Os sindicatos que compõem o Fórum das Seis (Adusp, Sintusp, Adunesp, Sintunesp, Adunicamp, STU e Sinteps) vêm atuando contra a PEC 32 no âmbito da Frente Paulista em Defesa do Serviço Público, que agrupa cerca de 80 entidades representativas do funcionalismo.

A próxima atividade nacional está sendo convocada para 8 de dezembro. Fique atento/a à divulgação dos detalhes e participe do evento mais próximo para fortalecer a luta.

Pressão nas redes

No site “Na Pressão“, você consegue ver os/as parlamentares que são favoráveis, contrários/as e indecisos/as. Em seguida, tem a opção de enviar uma mensagem para cada um/uma, por WhatsApp, e-mail e outras redes. Não deixe de contribuir!!

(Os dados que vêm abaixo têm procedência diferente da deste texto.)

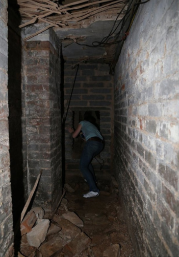 于是兄弟两人拿着手电筒一起下去了,当下去之后发现里面居然是一条阴深深的地下通道,走到一半的时候男子发现这上面还有天花板,但是已经非常破碎了。紧接着,在他们沿着狭小又弯曲的地下通道走了差不多3分钟后,终于在穿过最后的一卡口出,走在前面的男子突然惊声大叫一声,顿时把走在后面的哥哥吓了一跳。
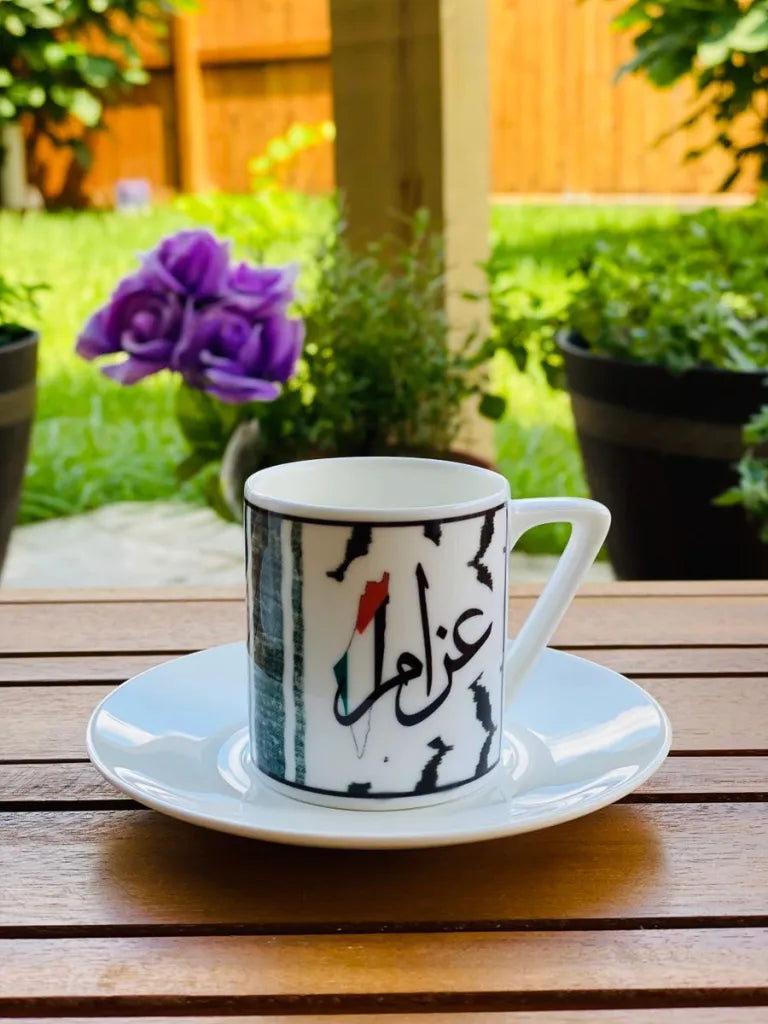 Kufia design Turkish Coffee Cup and Saucer with Custom name
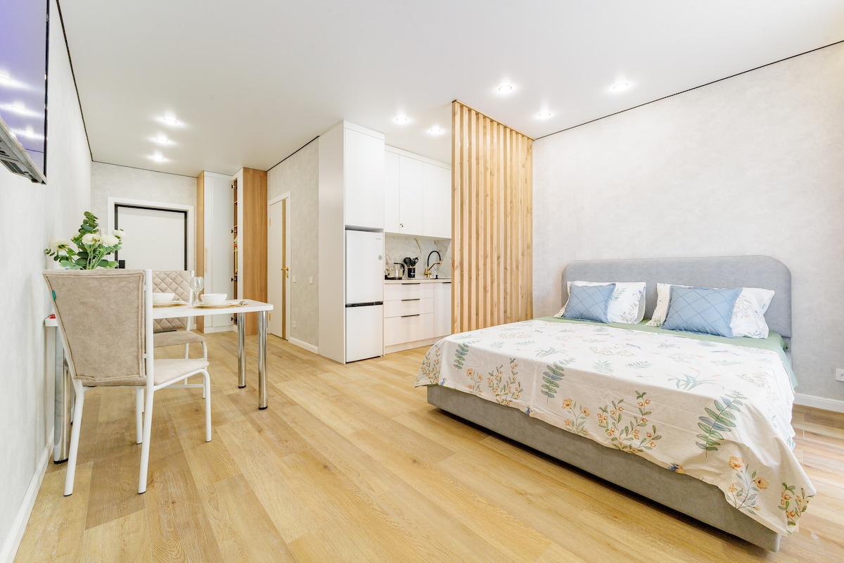 Contactless check-in, elevator. City views, double bed, 2 sofa beds, shower. Washing machine, hair dryer, iron, ironing board, clothes dryer. Kitchen with kettle, microwave, stove, oven, refrigerator, and kitchenware. Smart TV, Wi-Fi. The residential complex has: public parkings, bike rack, charging stations for e-cars, a playground, a workout area, a mini-football field, and gazebos. The old city center, embankment, city hall, and a historical building.
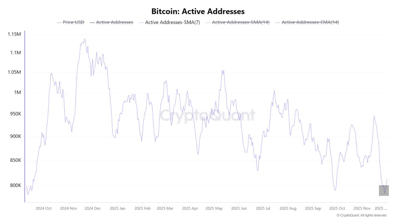 A sustained pickup in active addresses has previously aligned with the early stages of market recovery. When user activity stabilizes and begins to rise, it often mirrors an improvement in confidence. This places the current reading in a range that traders continue to monitor closely.
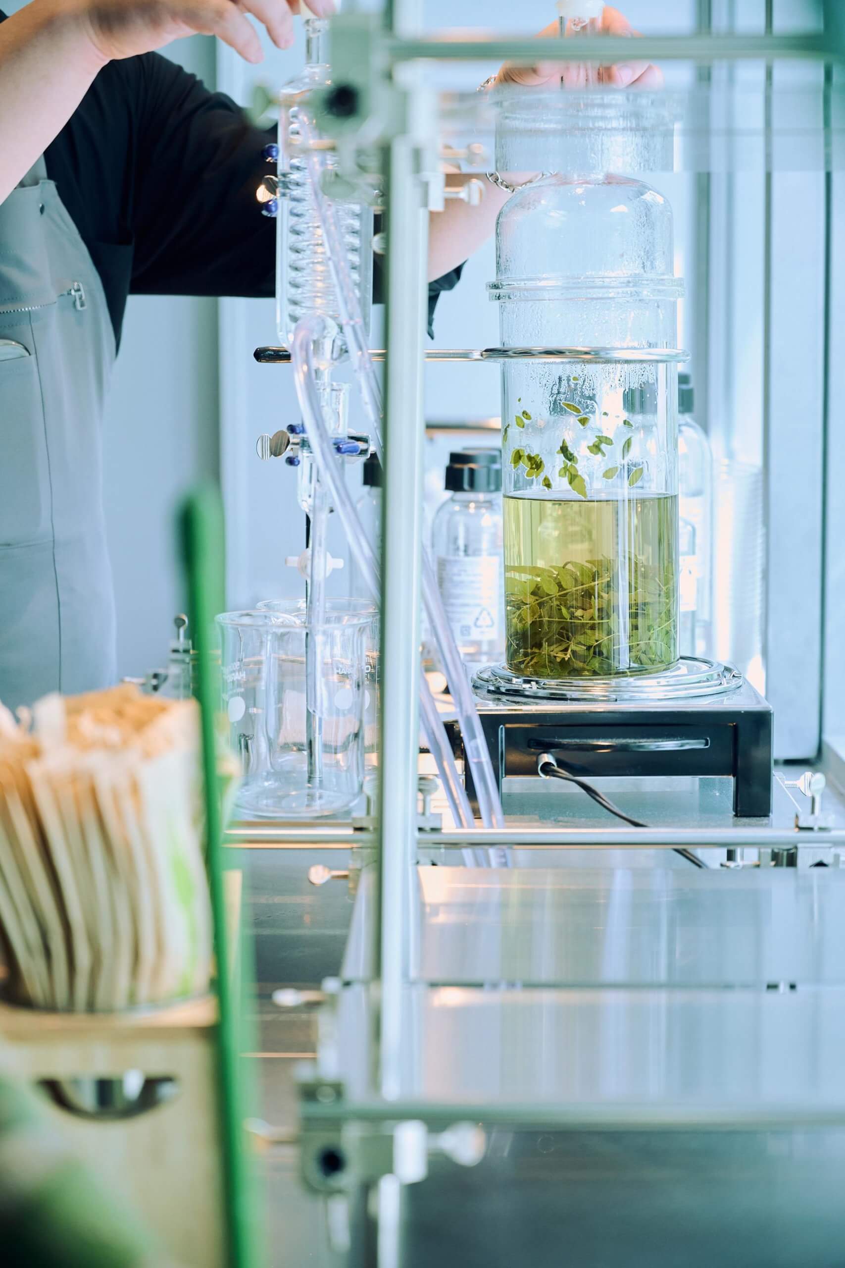その工程は、まるで理科の実験のようです。水の温度が1〜2度違うだけで香り表情が変わり、抽出時間によって香りの立ち方も微妙に異なります。蒸留した液体は、最初の一滴と最後の一滴で濃度も香りも違う。福田は、それらをブレンドして最適なバランスを探りながら、ドリンクの設計を行っています。
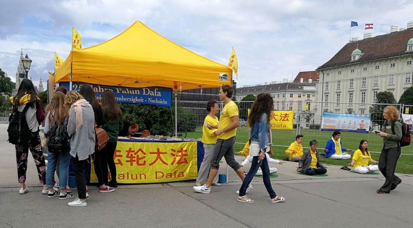 <英文版: http://en.minghui.org/html/articles/2017/7/20/164723.html>奥地利学员揭露中共迫害 各界支持反迫害(图)
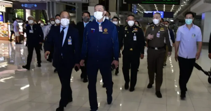 Transport Minister Saksayam Chidchob inspected Suvarnabhumi airport to check its readiness before the government eases arrival rules on May 1.
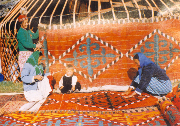 與此同時(shí),民間藝術(shù)是滿載著人民情感的載體,也是表達(dá)情意的信物。手工制作中的一針一線都融入了濃濃的深情和深深的愛意。哈薩克族民間藝術(shù)還有一個(gè)重要功能就是美化和裝飾。各類具有哈薩克民族特色的藝術(shù)品主要集中陳設(shè)在氈房中,氈房不僅是哈薩克族家庭生活的主要場所,也是人們賴以生存的空間,住所內(nèi)裝飾和陳設(shè)的各類民族藝術(shù)作品一方面充分展現(xiàn)了哈薩克族民間生活藝術(shù)的不同品類,另一方面也體現(xiàn)了哈薩克族人民生活的各個(gè)方面。總而言之,哈薩克族民間藝術(shù)體現(xiàn)了哈薩克族博大精深的民族文化,應(yīng)使之得以傳承與發(fā)揚(yáng)。

https://napressao.org.br/campanha/diga-nao-a-reforma-administrativa

Fórum das Seis apoia luta por reversão de corte de 90% dos recursos para ciência e tecnologia

O Fórum das Seis soma-se às manifestações de repúdio e perplexidade das entidades científicas e sindicais contra a manobra protagonizada pelo Ministério da Economia no Congresso Nacional e que representou, na prática, o corte de cerca de R$ 600 milhões destinados às áreas de ciência, tecnologia e inovação.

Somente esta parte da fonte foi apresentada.